Ia menambahkan, teknologi kendaraan GEN3 Evo juga mencatat peningkatan kecepatan hingga 36% dibandingkan generasi sebelumnya, menjadikan Formula E semakin menarik sebagai ajang balap futuristik dan berkelanjutan.
Dampak Ekonomi dan Sosial Nyata
Wakil Ketua Umum Partai Golkar dan KADIN Indonesia ini juga menggarisbawahi dampak ekonomi dari event internasional ini, terutama bagi sektor pariwisata dan pelaku UMKM lokal.
“Hotel-hotel di sekitar Ancol hampir penuh sejak tiga hari sebelum balapan. UMKM, bisnis kuliner, dan industri kreatif juga mengalami lonjakan permintaan. Jakarta E-Prix bukan sekadar tontonan, tapi juga penggerak roda ekonomi,” ujarnya.
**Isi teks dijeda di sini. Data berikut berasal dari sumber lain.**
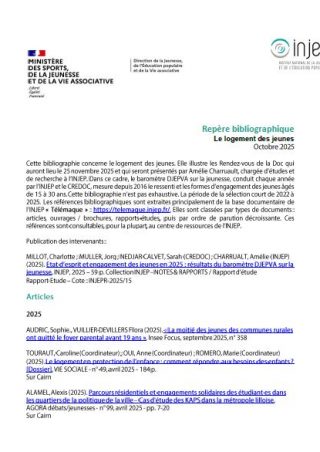 Le logement des jeunes – Bibliographie / Centre de ressources – INJEP, 2025/09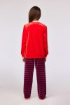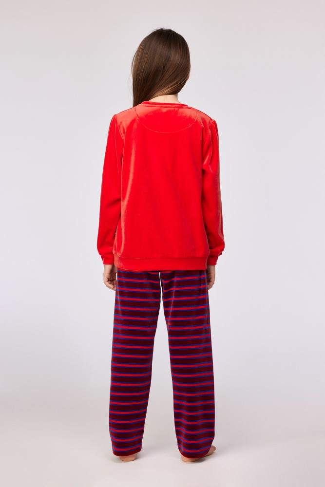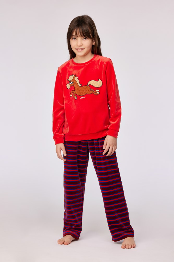Rode pyjama van velours. Het rode bovenstuk heeft een grote ponyprint. De broek is blauw-rood gestreept. Verkrijgbaar in de maten 24m/2y-XXL. Voor de maten 24m/2y-8y is er een sluiting in de rug voorzien.

Dengan puluhan ribu pengunjung domestik dan internasional, event ini terbukti mampu menjadi katalis pertumbuhan ekonomi inklusif dan berkelanjutan, sembari memperkenalkan kekayaan budaya dan atraksi Jakarta ke panggung dunia.
“Event olahraga internasional seperti Formula E memiliki multiplier effect yang luar biasa. Jakarta E-Prix telah memberi bukti nyata bahwa olahraga bisa menjadi kekuatan strategis dalam pembangunan ekonomi dan diplomasi budaya Indonesia,” pungkas Bamsoet.